[Stored dataset items]
== Segment start ==
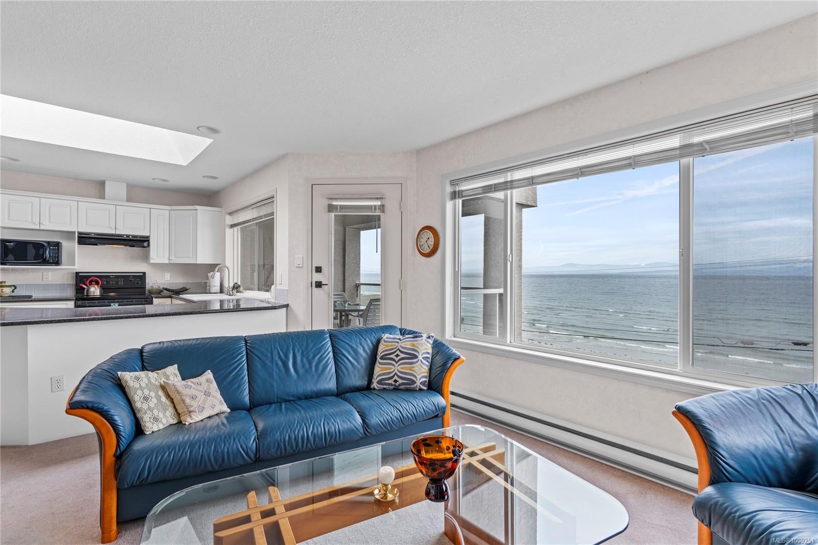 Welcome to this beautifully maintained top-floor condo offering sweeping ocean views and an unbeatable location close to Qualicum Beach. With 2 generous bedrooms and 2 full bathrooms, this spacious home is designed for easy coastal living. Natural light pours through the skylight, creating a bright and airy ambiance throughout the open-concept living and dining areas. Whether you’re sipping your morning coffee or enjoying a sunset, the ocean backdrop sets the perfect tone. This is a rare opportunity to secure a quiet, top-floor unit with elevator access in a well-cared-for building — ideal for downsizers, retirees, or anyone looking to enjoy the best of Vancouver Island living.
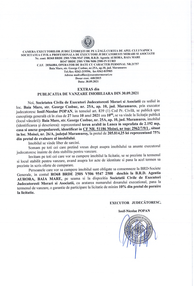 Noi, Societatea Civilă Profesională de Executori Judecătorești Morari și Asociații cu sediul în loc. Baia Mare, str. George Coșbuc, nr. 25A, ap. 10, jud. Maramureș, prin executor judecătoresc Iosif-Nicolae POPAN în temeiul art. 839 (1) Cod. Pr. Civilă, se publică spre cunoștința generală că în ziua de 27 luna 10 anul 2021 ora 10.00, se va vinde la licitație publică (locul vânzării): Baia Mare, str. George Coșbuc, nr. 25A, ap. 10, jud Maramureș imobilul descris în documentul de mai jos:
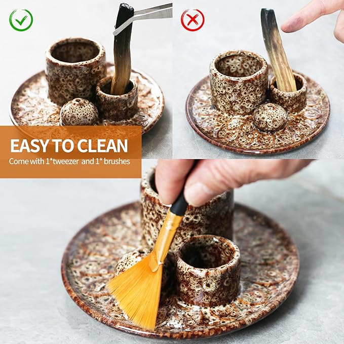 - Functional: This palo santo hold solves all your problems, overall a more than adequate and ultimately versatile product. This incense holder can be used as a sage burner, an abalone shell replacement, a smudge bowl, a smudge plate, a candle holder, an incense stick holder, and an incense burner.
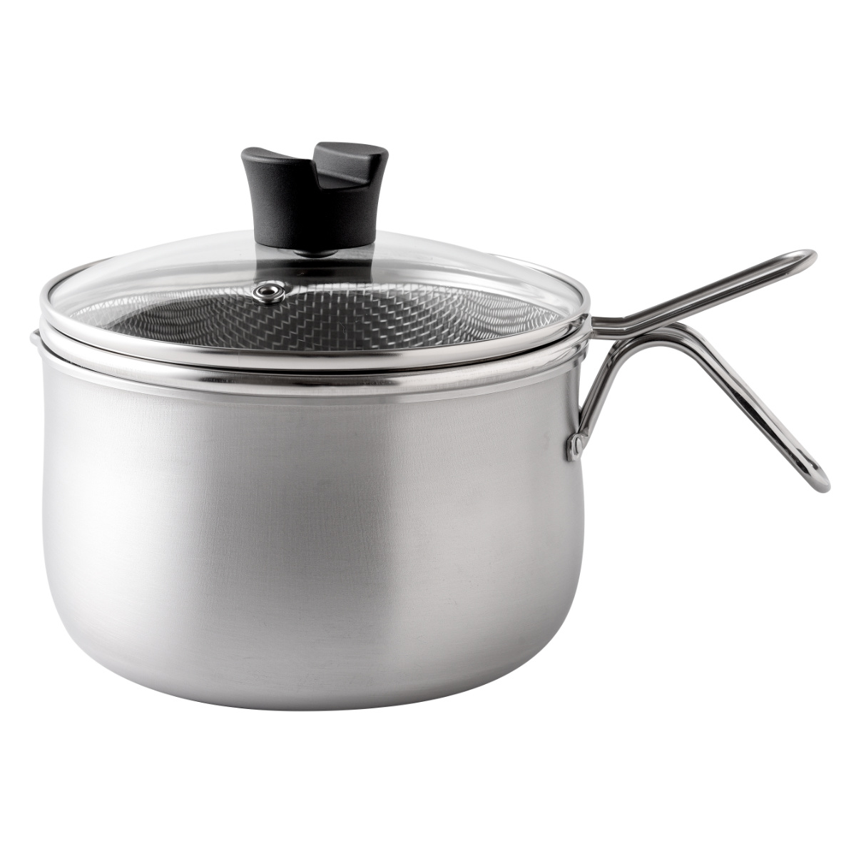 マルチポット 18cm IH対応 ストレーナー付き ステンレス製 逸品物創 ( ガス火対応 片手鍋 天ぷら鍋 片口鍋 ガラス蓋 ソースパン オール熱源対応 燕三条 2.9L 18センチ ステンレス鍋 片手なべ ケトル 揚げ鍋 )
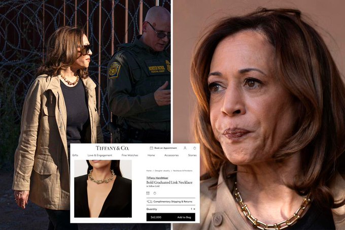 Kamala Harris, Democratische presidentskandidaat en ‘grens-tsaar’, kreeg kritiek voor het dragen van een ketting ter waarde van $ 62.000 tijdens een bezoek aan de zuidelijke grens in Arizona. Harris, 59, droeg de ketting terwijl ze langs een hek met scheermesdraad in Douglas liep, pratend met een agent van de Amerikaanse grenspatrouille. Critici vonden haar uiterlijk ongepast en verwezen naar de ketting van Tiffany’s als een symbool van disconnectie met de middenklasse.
== Segment end ==
■ Task directions
Copy out every line above without change, dropping the pictures.

■ Solved problem
 Welcome to this beautifully maintained top-floor condo offering sweeping ocean views and an unbeatable location close to Qualicum Beach. With 2 generous bedrooms and 2 full bathrooms, this spacious home is designed for easy coastal living. Natural light pours through the skylight, creating a bright and airy ambiance throughout the open-concept living and dining areas. Whether you’re sipping your morning coffee or enjoying a sunset, the ocean backdrop sets the perfect tone. This is a rare opportunity to secure a quiet, top-floor unit with elevator access in a well-cared-for building — ideal for downsizers, retirees, or anyone looking to enjoy the best of Vancouver Island living.
 Noi, Societatea Civilă Profesională de Executori Judecătorești Morari și Asociații cu sediul în loc. Baia Mare, str. George Coșbuc, nr. 25A, ap. 10, jud. Maramureș, prin executor judecătoresc Iosif-Nicolae POPAN în temeiul art. 839 (1) Cod. Pr. Civilă, se publică spre cunoștința generală că în ziua de 27 luna 10 anul 2021 ora 10.00, se va vinde la licitație publică (locul vânzării): Baia Mare, str. George Coșbuc, nr. 25A, ap. 10, jud Maramureș imobilul descris în documentul de mai jos:
 - Functional: This palo santo hold solves all your problems, overall a more than adequate and ultimately versatile product. This incense holder can be used as a sage burner, an abalone shell replacement, a smudge bowl, a smudge plate, a candle holder, an incense stick holder, and an incense burner.
 マルチポット 18cm IH対応 ストレーナー付き ステンレス製 逸品物創 ( ガス火対応 片手鍋 天ぷら鍋 片口鍋 ガラス蓋 ソースパン オール熱源対応 燕三条 2.9L 18センチ ステンレス鍋 片手なべ ケトル 揚げ鍋 )
 Kamala Harris, Democratische presidentskandidaat en ‘grens-tsaar’, kreeg kritiek voor het dragen van een ketting ter waarde van $ 62.000 tijdens een bezoek aan de zuidelijke grens in Arizona. Harris, 59, droeg de ketting terwijl ze langs een hek met scheermesdraad in Douglas liep, pratend met een agent van de Amerikaanse grenspatrouille. Critici vonden haar uiterlijk ongepast en verwezen naar de ketting van Tiffany’s als een symbool van disconnectie met de middenklasse.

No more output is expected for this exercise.